Взрослые улеглись. Бабушка сразу же, папа попозже.
Кристи наблюдала за папой, видела, как он ходил туда-сюда, пошел в ванную, отвернул кран, почистил зубы, пополоскал горло, снова вошел. Звякнул стакан, должно быть, он принял что-нибудь, наверное снотворное. Бабушка заснула не сразу и, уже лежа в кровати, тихонько продолжала говорить о том, как она рада, что девочка стала спокойнее и что, возможно, теперь уже нет причин для тревоги.
– Хорошо, мама, – сказал фотограф, – спокойной ночи!
Свет погас.
Вскоре бабушка начала похрапывать равномерно, тихонько, как обычно, темно стало и в другой комнате, у Эндре Бороша, но Кристи чувствовала, что он не спит. Было что-то нехорошее в этой ночи, что-то неспокойное, тревожное, враждебное.
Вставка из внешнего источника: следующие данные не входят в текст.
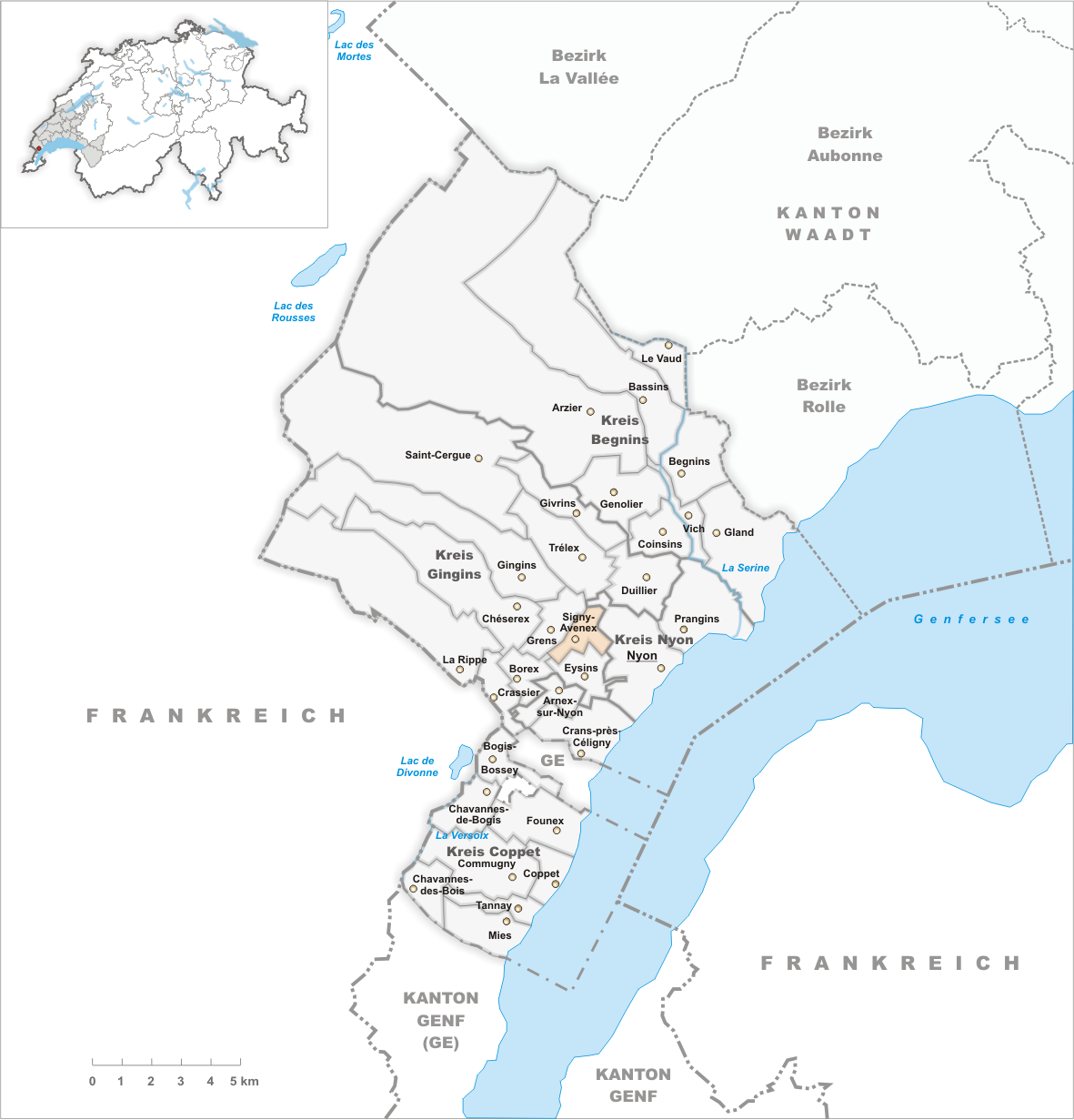 Municipality Signy-Avenex
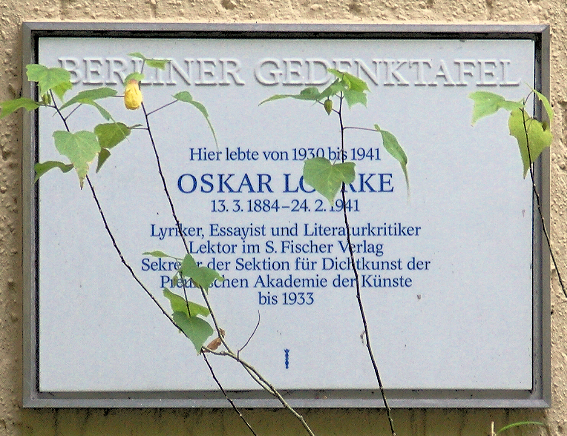 Berlin memorial plaque, Oskar Loerke, Kreuzritterstraße 8, Berlin-Frohnau, Germany

Скрипнула дверь, и вошел папа. Его совсем не было видно в темноте. Очевидно, он надел войлочные туфли, потому что шагов не было слышно; он словно тень проскользнул к кровати. Бабушка мирно спала: когда она заснет, ее и пушками не разбудишь.
– Спишь, Кристи?
Кристи выдохнула:
– Нет.
Она подвинулась, чтобы он мог сесть с нею рядом. Папа осторожно присел, кровать тихонько скрипнула под ним. Кристи нащупала его руку и, найдя, положила ее на свое лицо. Это было очень приятно, руки у Эндре Бороша всегда такие душистые и прохладные от частого мытья.
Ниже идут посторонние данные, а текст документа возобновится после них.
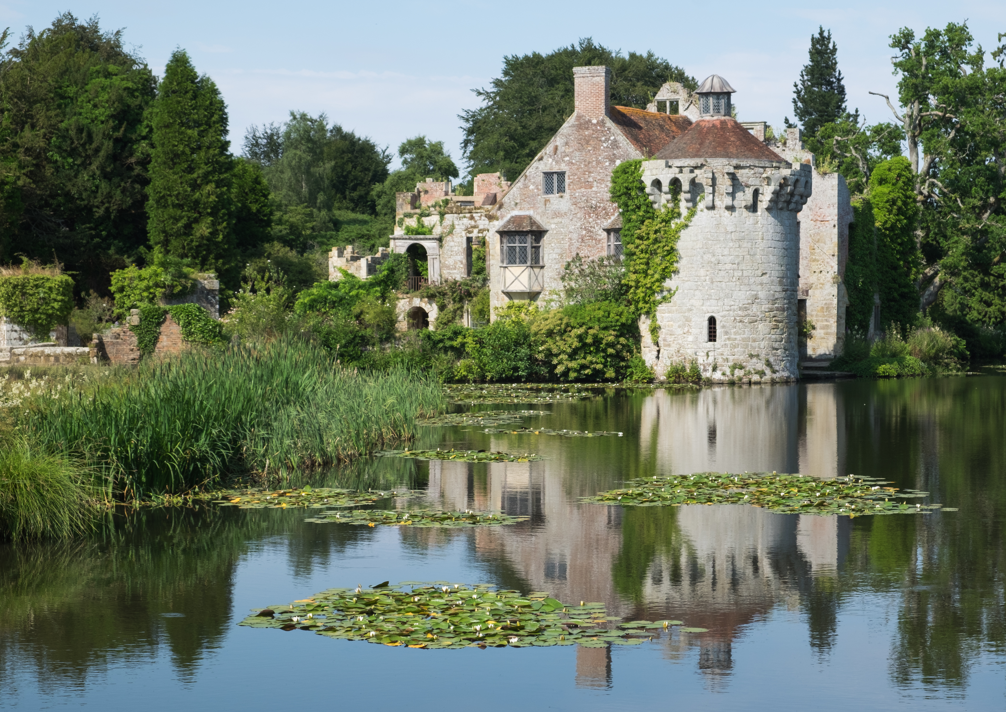 The old Scotney Castle, Lamberhurst. This 14th century castle ruin is a grade I listed building in England.
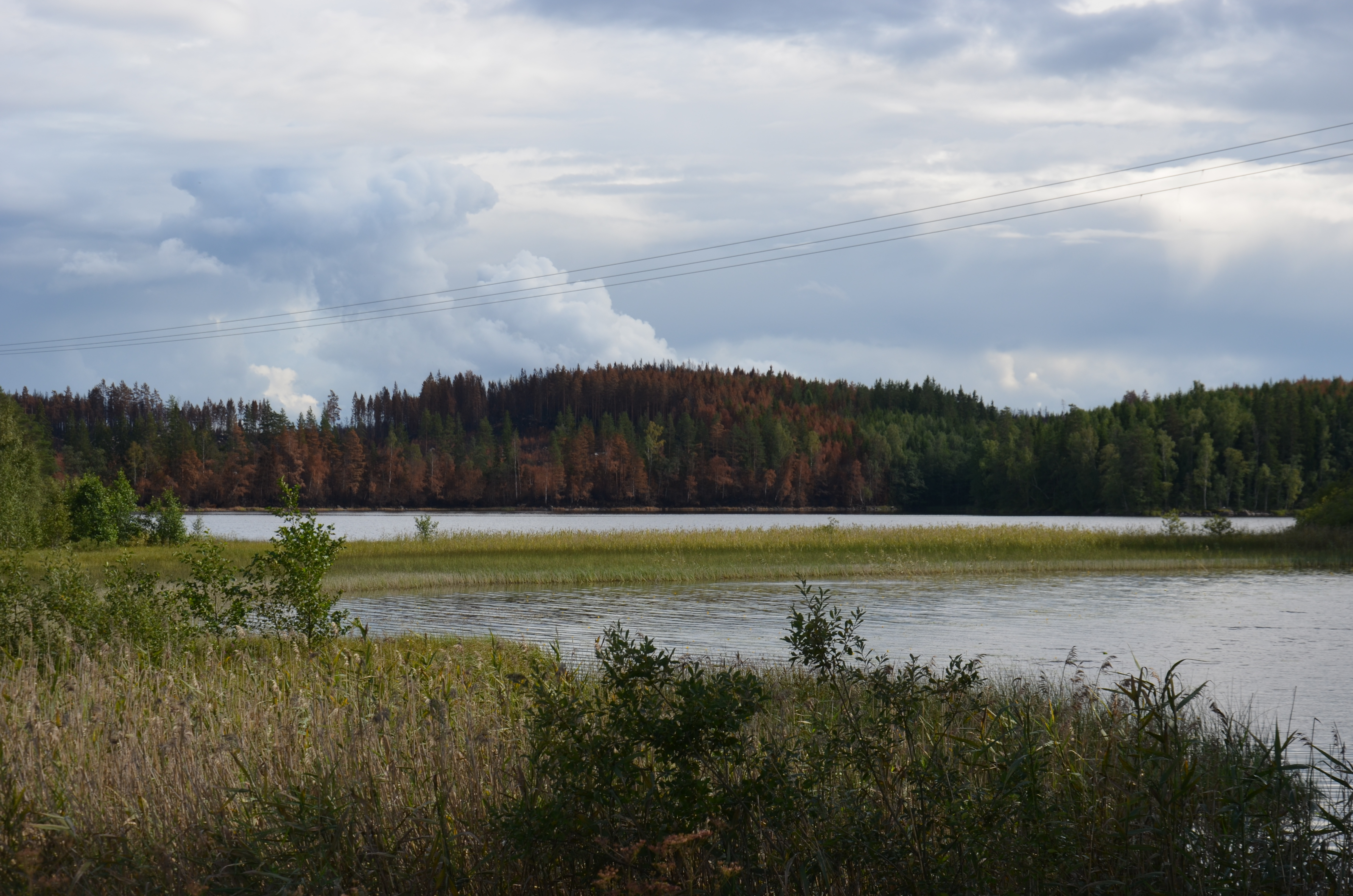 Lake Snyten, Norberg

– Я хочу попросить тебя о чем-то, – сказал Эндре Борош.
Кристи молчала. Она чувствовала, что ничего хорошего у нее не попросят, что она не будет рада выполнить эту просьбу.
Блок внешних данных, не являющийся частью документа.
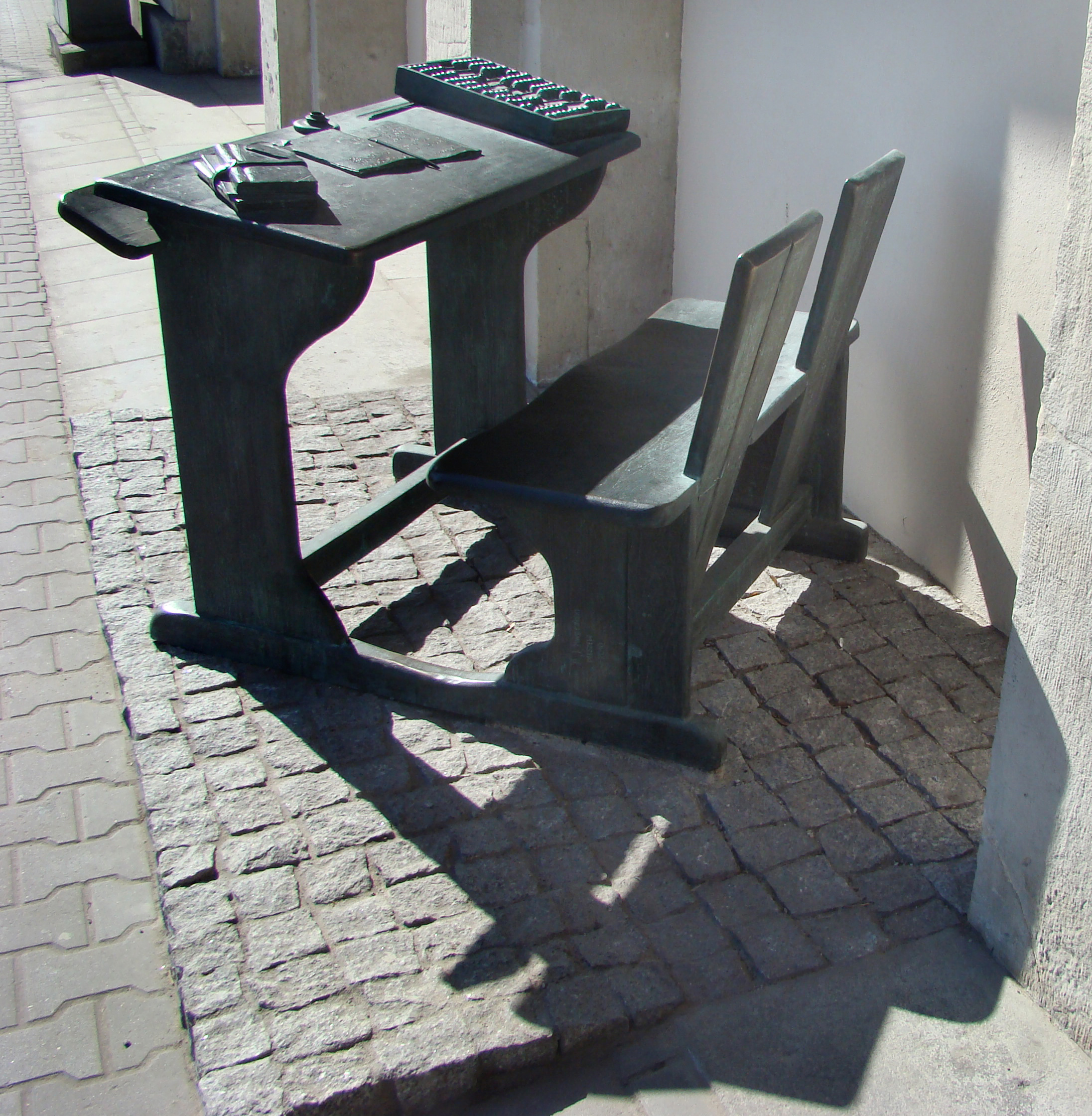 School desk monument, Warsaw
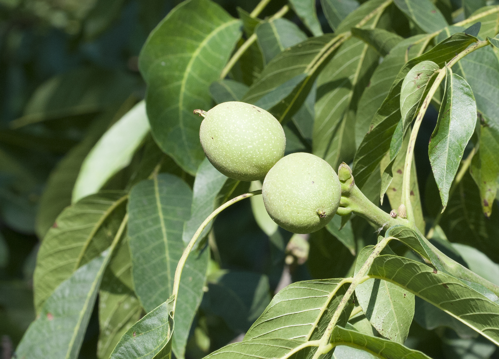 A couple of fresh nuts of a walnut (Junglans sp). Darboğaz, Ulukışla - Niğde, Turkey.
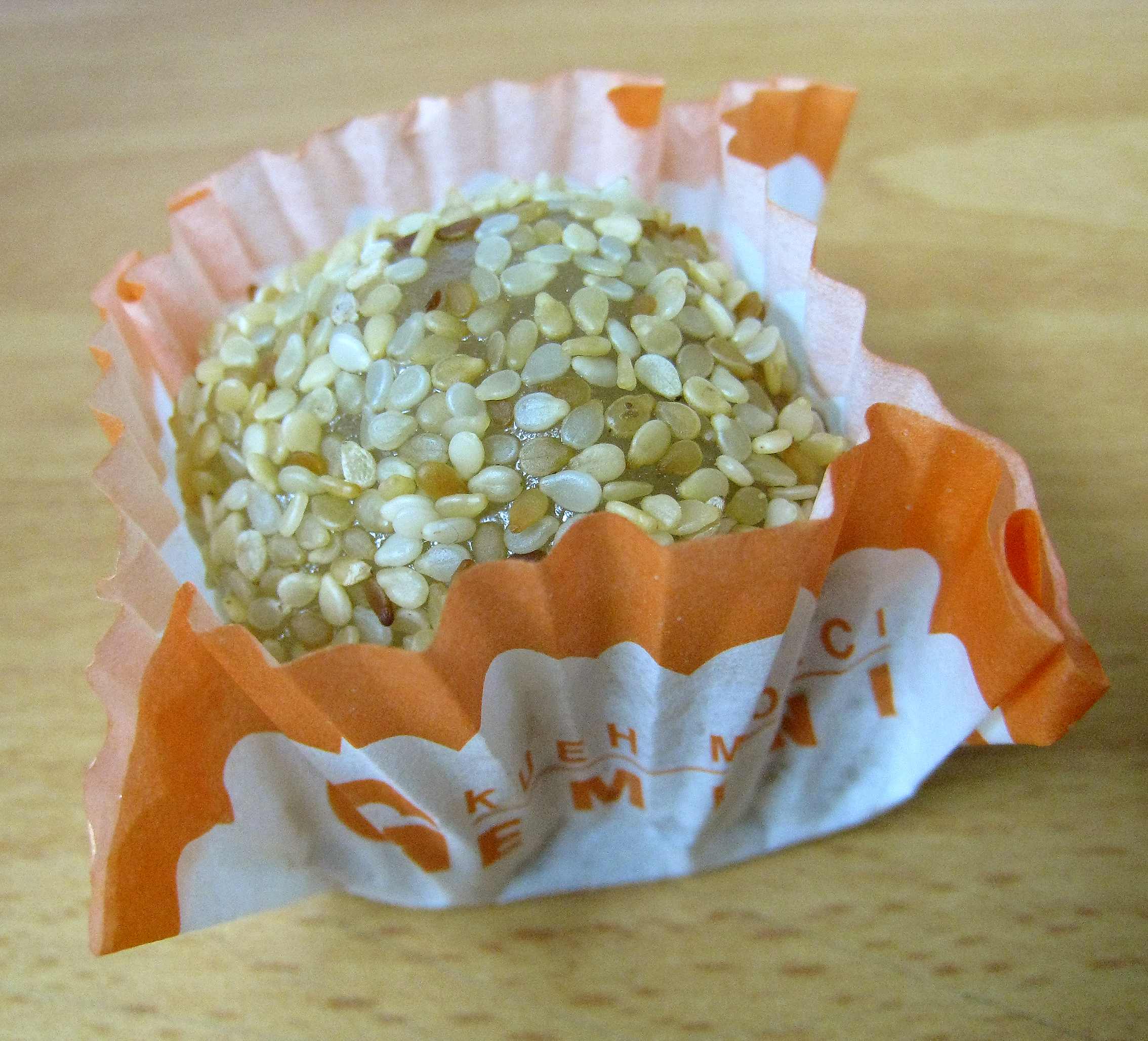 Peanut filled mochi in Indonesia, a rice flour-based cake filled with sweet bean paste, sprinkled by sesame seeds.

– Если с тобой случится что-нибудь… что бы с тобой ни случилось, прошу тебя, не зови к нам тетю Еву и меня не посылай к ней.
У Кристины даже горло перехватило от волнения.
– Я очень рад, что ты любишь ее, но не принуждай ее приходить к нам. Тетя Ева красивая молодая женщина, у нее свои заботы и планы, не годится обрушивать на нее еще и наши. И потом, если она любит тебя, это вовсе не значит, что и мы ей симпатичны. Со мной, например, она не очень охотно бывает вместе. Я стесняю тетю Еву. Ты ставишь ее в неприятное положение, заставляя встречаться со мной. Прошу тебя, не делай этого.
– Понимаю, – с пересохшим ртом проговорила Кристина. И добавила: – Прости меня, папа!
Фотограф поцеловал ее и вышел, а Кристи с головой накрылась одеялом, словно кто-то мог увидеть ее ночью, в этой темноте. Сейчас она и вправду почувствовала себя больной.
Ей так хотелось все исправить, а вышло что-то скверное, ужасное. Голос у папы был усталый, чужой и такой надломленный, словно у старика. Если папа хочет этого, то план ее не только не улучшил, а даже ухудшил положение.
Но в чем ее ошибка?
– Маска, ты никогда не слышала, как тетя Ева ведет урок?
А я слышала. Она учит своих воспитанников думать, учит, что, если ты в чем-то ошибся, надо отыскать корень ошибки. Кристи мяла и вертела ухо Таде и раздумывала до тех пор, пока не нашла разгадку. А когда нашла, то ей стало так стыдно, что она еще и маленькой подушечкой лицо покрыла, одеяла было уже недостаточно.
«Я словно подшутила над ними, – думала Кристи. – Врала, притворялась, напугала бабушку, оторвала от работы тетю Еву, встревожила папу. Как могла я думать, что из этого может выйти что-нибудь хорошее? Ведь они же не дети, они взрослые, папа столько выстрадал, и тетя Ева уже не девочка! Да как же я могла думать, будто она такая слабая, что стоит ей еще раз увидеть папу и сопротивление ее будет сломлено? Тетя Ева сильная. Тетю Еву можно убедить в чем-нибудь только разумным путем.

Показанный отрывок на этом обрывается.